Infall, outflow, and turbulence in massive star-forming cores in the G333 giant molecular cloud

TL;DR

This study investigates the infall, outflow, and turbulence in massive star-forming cores within the G333 giant molecular cloud, providing detailed molecular line observations and physical property analysis of associated outflows.

Contribution

It offers new detailed measurements of outflow properties and turbulence in high-mass star-forming regions within G333, enhancing understanding of massive star formation processes.

Findings

Outflow masses range from 10 to 40 solar masses per lobe.

Core masses are approximately 10^3 solar masses.

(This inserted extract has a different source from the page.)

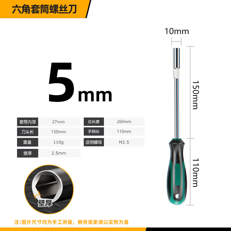• M5.5 너트에 적합한 얇은 벽 슬리브 스크루 드라이버 9mm 깊어 짐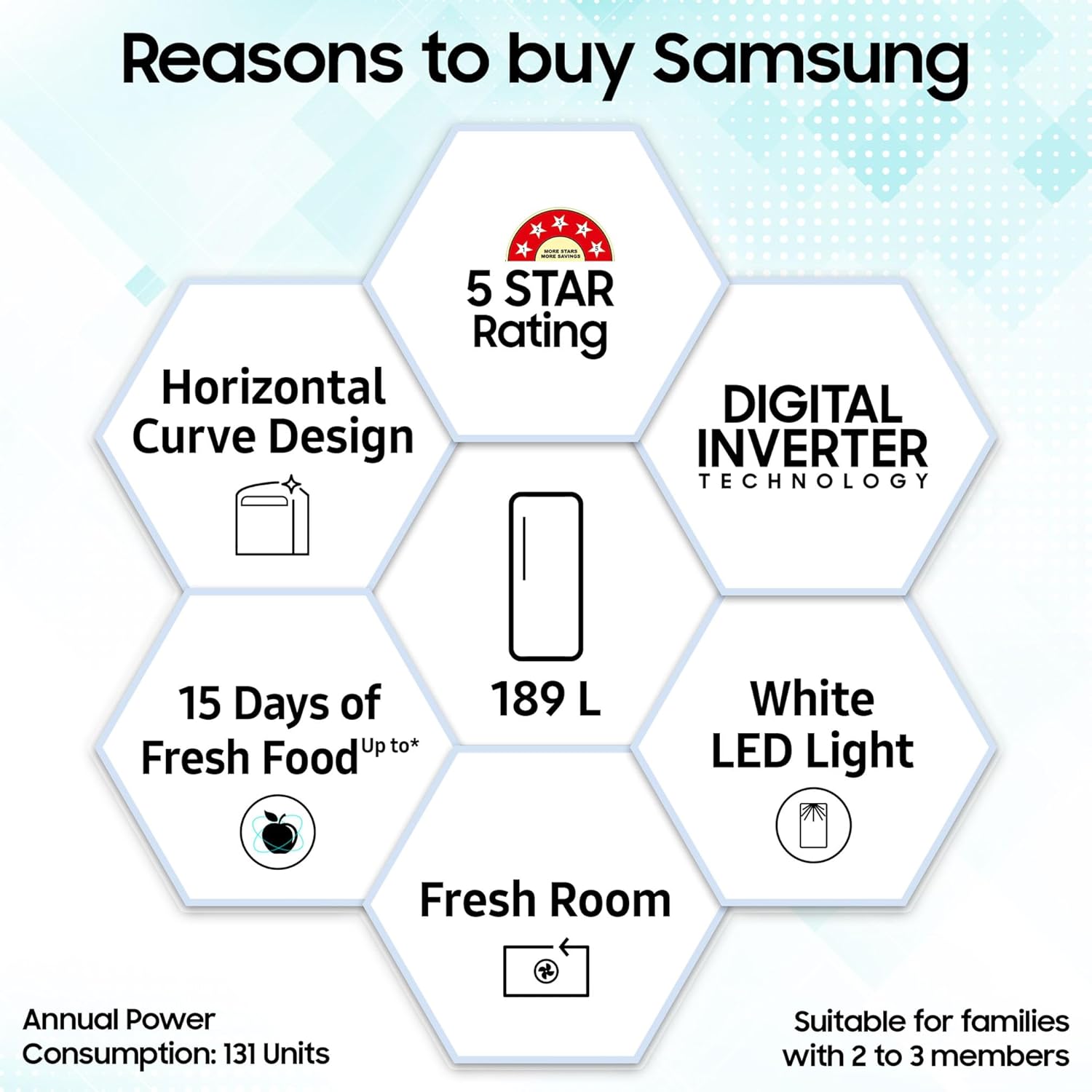8 reviews for Samsung 189 L, 5 Star, Digital Inverter, Direct-Cool Single Door Refrigerator (RR21D2H259U/HL, Paradise Bloom Blue, Base Stand Drawer)

Outflow timescales are several tens of thousands of years.

Abstract

We present molecular line imaging observations of three massive molecular outflow sources, G333.6-0.2, G333.1-0.4, and G332.8-0.5, all of which also show evidence for infall, within the G333 giant molecular cloud (GMC). All three are within a beam size (36 arcseconds) of IRAS sources, 1.2-mm dust clumps, various masing species and radio continuum-detected HII regions and hence are associated with high-mass star formation. We present the molecular line data and derive the physical properties of the outflows including the mass, kinematics, and energetics and discuss the inferred characteristics of their driving sources. Outflow masses are of 10 to 40 solar masses in each lobe, with core masses of order 10^3 solar masses. outflow size scales are a few tenth of a parsec, timescales are of several x10^4 years, mass loss rates a few x10^-4 solar masses/year. We also find the cores are turbulent and highly supersonic.